Panoply Blog: Data Management, Warehousing & Data Analysis

How Agri-Tech Startup AgriWebb Makes Data Work For Them

Written by Jason Harris | Nov 20, 2018 9:16:33 PM

Customer Spotlight: AgriWebb

AgriWebb is an Australia-based agricultural technology provider. Farmers use the company’s software to simplify farm record keeping and as it helps with audit and accreditation needs along with improving the productivity of their farms.

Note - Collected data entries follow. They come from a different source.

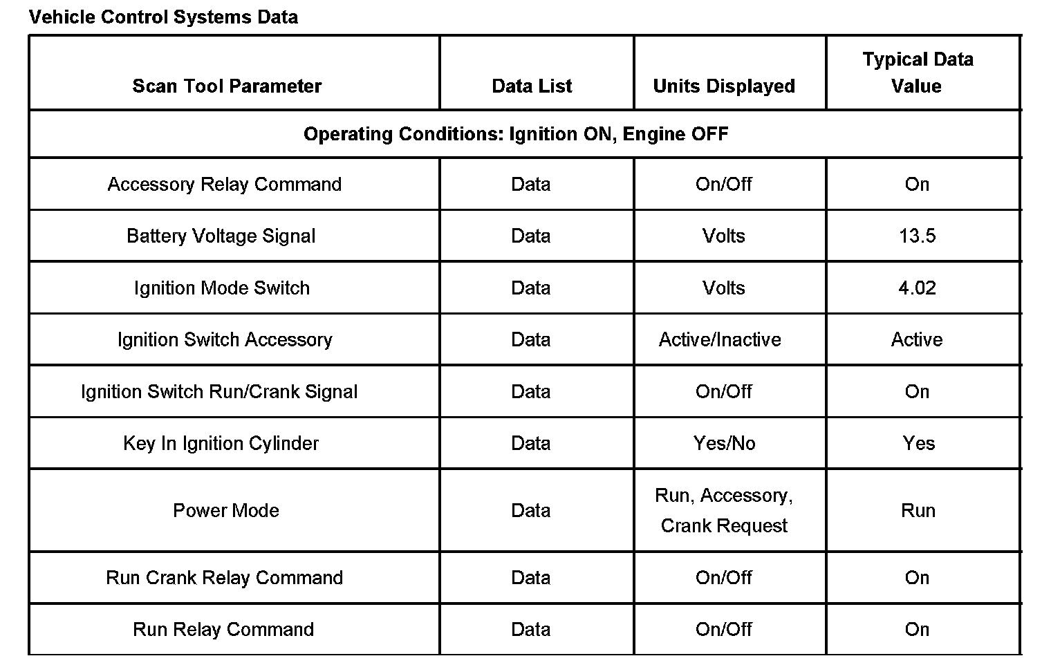Vehicle Control Systems Data:
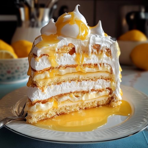 Ce gâteau au citron et meringue est le choix parfait pour toutes les occasions, qu’il s’agisse d’un dîner en famille ou d’un événement spécial. Sa base légère, sa crème acidulée et sa meringue fondante offrent une combinaison unique qui plaira à tous. De plus, sa présentation élégante en fait un dessert qui attire autant les yeux que les papilles.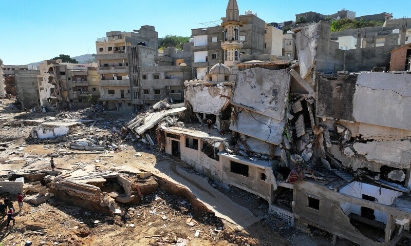 A torrent unleashed by a powerful storm burst dams on Sunday night and hurtled down a seasonal riverbed that bisects the eastern city of Derna, washing multi-storey buildings into the sea with sleeping families inside.

The 40+ person company is growing fast and so are its data needs, with over 8,000,000 animals managed on their platform today.

Let’s dig in to see how data enhances this power-house agri-tech startup as we sit down with Brian Ritchie, Head of Growth at AgriWebb.

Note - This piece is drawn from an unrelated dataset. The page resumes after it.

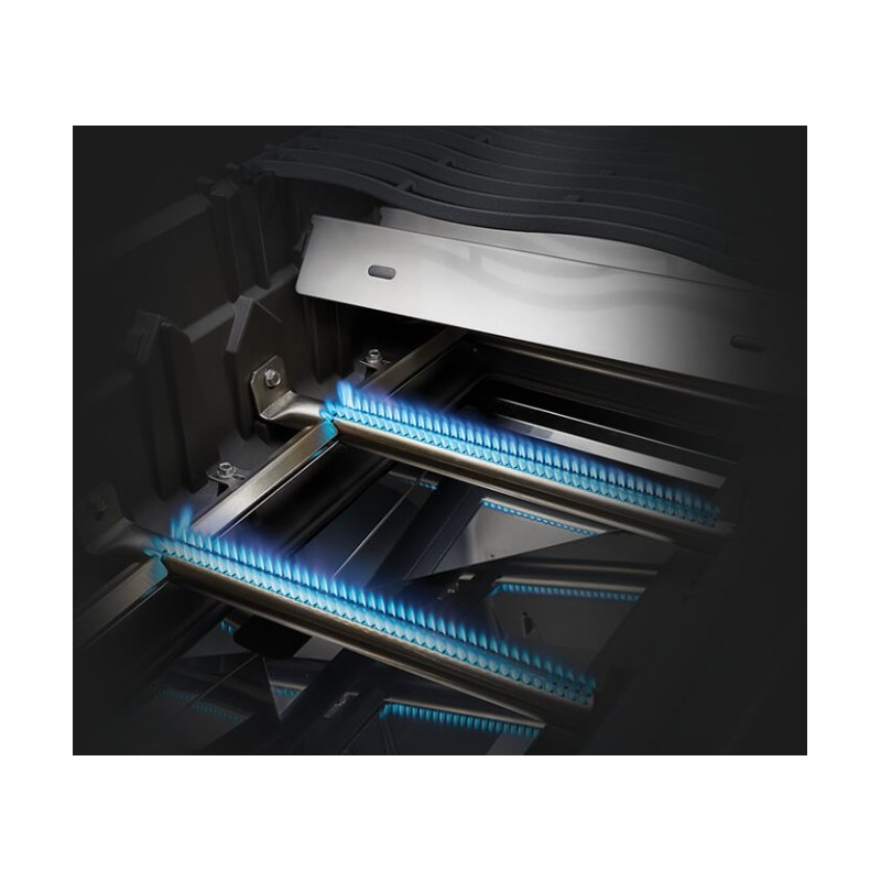 Die gusseisernen Grillroste verteilen die Hitze gleichmäßig und hinterlassen scharfe Brandspuren, und die Brennerabdeckungen aus Edelstahl reduzieren unerwünschte Flammen.

Tell me about you and your role at AgriWebb?

I’ve been at AgriWebb for one year and I was brought on to help marketing with organic leads and associated metrics.

We are a company that’s eager to serve farmers by improving their productivity using technology, which ultimately makes them more profitable. We want our software to be accessible and easy to use and that’s the mindset with which we started out our business.

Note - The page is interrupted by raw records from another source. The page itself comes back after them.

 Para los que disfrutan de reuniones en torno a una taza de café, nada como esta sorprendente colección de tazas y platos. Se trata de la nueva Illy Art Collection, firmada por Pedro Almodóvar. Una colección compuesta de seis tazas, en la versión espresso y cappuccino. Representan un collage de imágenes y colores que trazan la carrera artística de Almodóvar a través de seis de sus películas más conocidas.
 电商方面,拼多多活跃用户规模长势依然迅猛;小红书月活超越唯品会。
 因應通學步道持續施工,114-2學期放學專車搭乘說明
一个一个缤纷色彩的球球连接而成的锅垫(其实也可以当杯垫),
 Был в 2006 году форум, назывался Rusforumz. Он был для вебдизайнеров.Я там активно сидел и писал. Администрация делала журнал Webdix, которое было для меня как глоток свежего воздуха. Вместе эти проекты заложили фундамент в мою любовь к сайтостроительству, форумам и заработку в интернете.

The notion of starting a growth team within AgriWebb was that yes, we need to start marketing and we need to scale, but we need to do it in a smart, well-organized manner. When I came in, the engineering and product team were unbelievably talented - but they weren’t actively reviewing the business in a cross-functional manner. We had a good set of data that served us operationally. However, executive management and other key stakeholders both internally and externally did not have a 360° view of the company. For example - how does a specific campaign or ad messaging affect a cohort of farmers and change their behavior across the funnel? We never actively explored those questions before given the limitations at the time.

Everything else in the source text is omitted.